Task to carry out:
Skip all pictures. Set down only the lines starting at the line containing "こちらも撃ってみたかった一丁で、Arsenal Firearmsの2011 Dueller、ダブルバレルの1911クローンです。" and running to the end of the listing.

Input data:
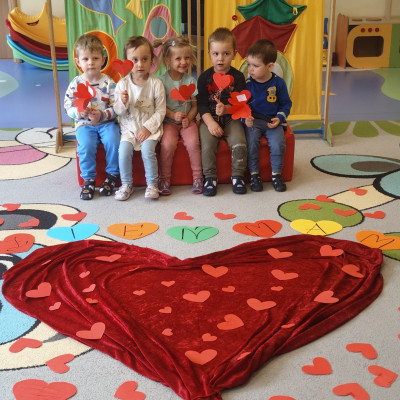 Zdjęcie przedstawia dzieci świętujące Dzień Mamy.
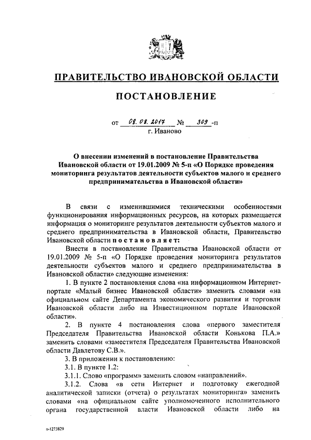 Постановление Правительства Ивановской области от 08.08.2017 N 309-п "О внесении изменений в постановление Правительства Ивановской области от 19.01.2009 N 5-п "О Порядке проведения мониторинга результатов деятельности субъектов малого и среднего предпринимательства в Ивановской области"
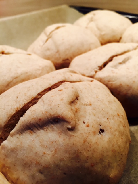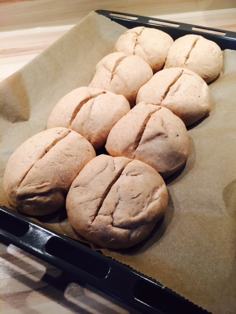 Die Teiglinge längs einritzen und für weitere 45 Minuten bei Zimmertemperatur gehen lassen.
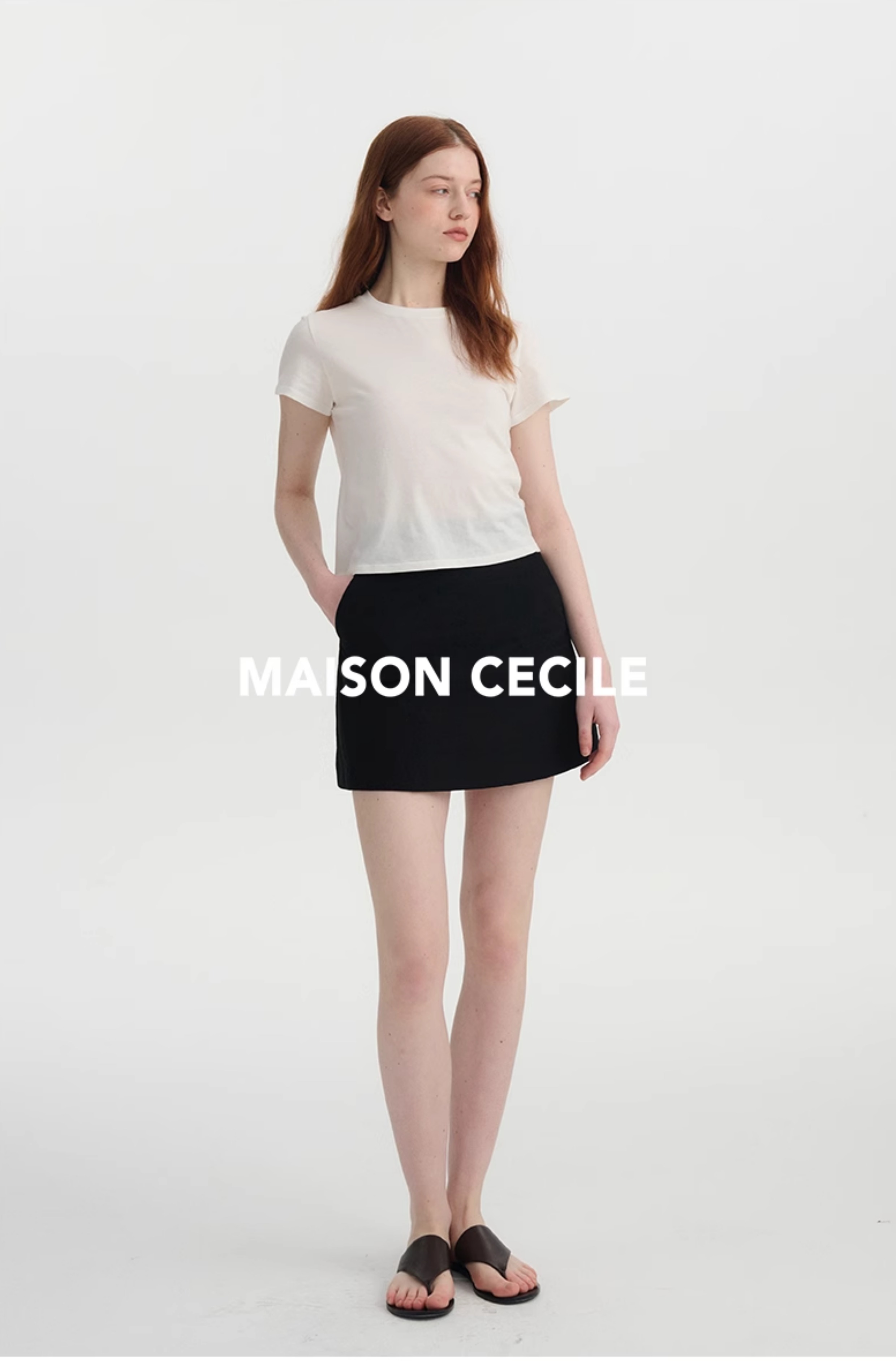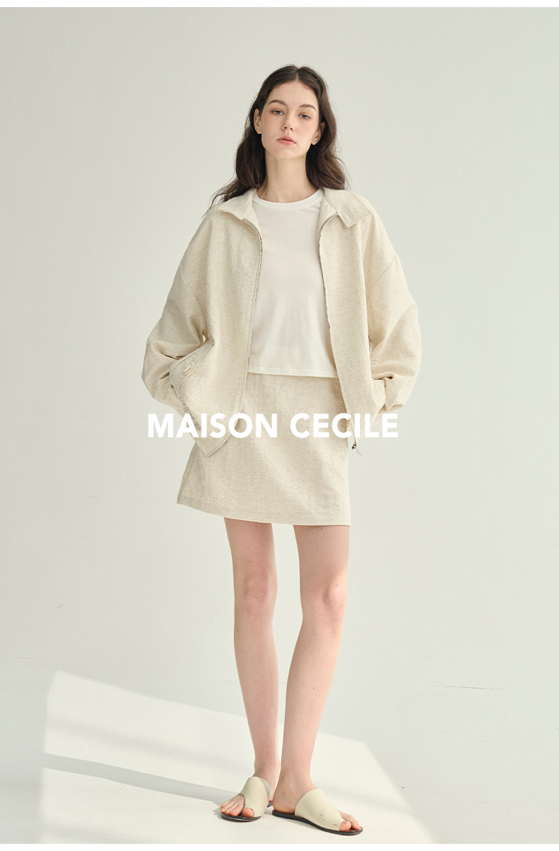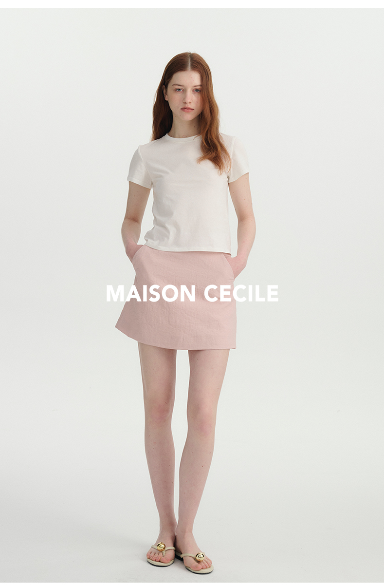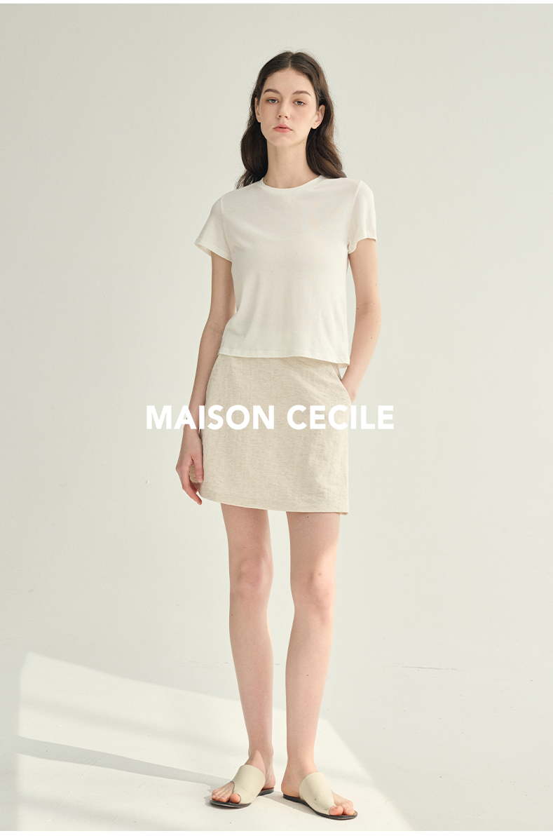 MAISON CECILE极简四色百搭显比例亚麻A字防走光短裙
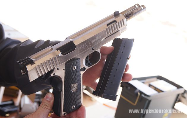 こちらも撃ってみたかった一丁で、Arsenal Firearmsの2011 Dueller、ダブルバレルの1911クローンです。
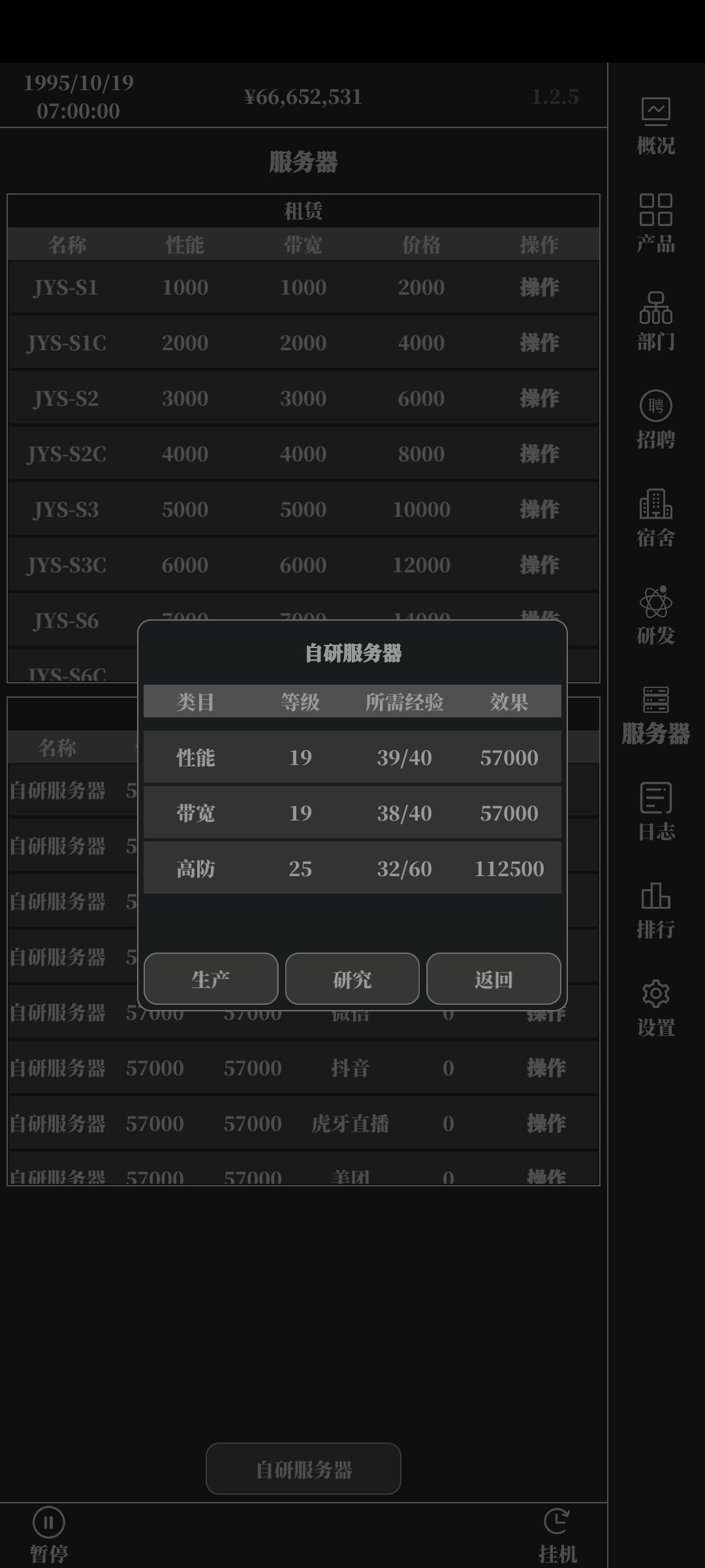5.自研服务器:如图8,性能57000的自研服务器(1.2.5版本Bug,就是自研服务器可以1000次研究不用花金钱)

Solved exercise:
 こちらも撃ってみたかった一丁で、Arsenal Firearmsの2011 Dueller、ダブルバレルの1911クローンです。
5.自研服务器:如图8,性能57000的自研服务器(1.2.5版本Bug,就是自研服务器可以1000次研究不用花金钱)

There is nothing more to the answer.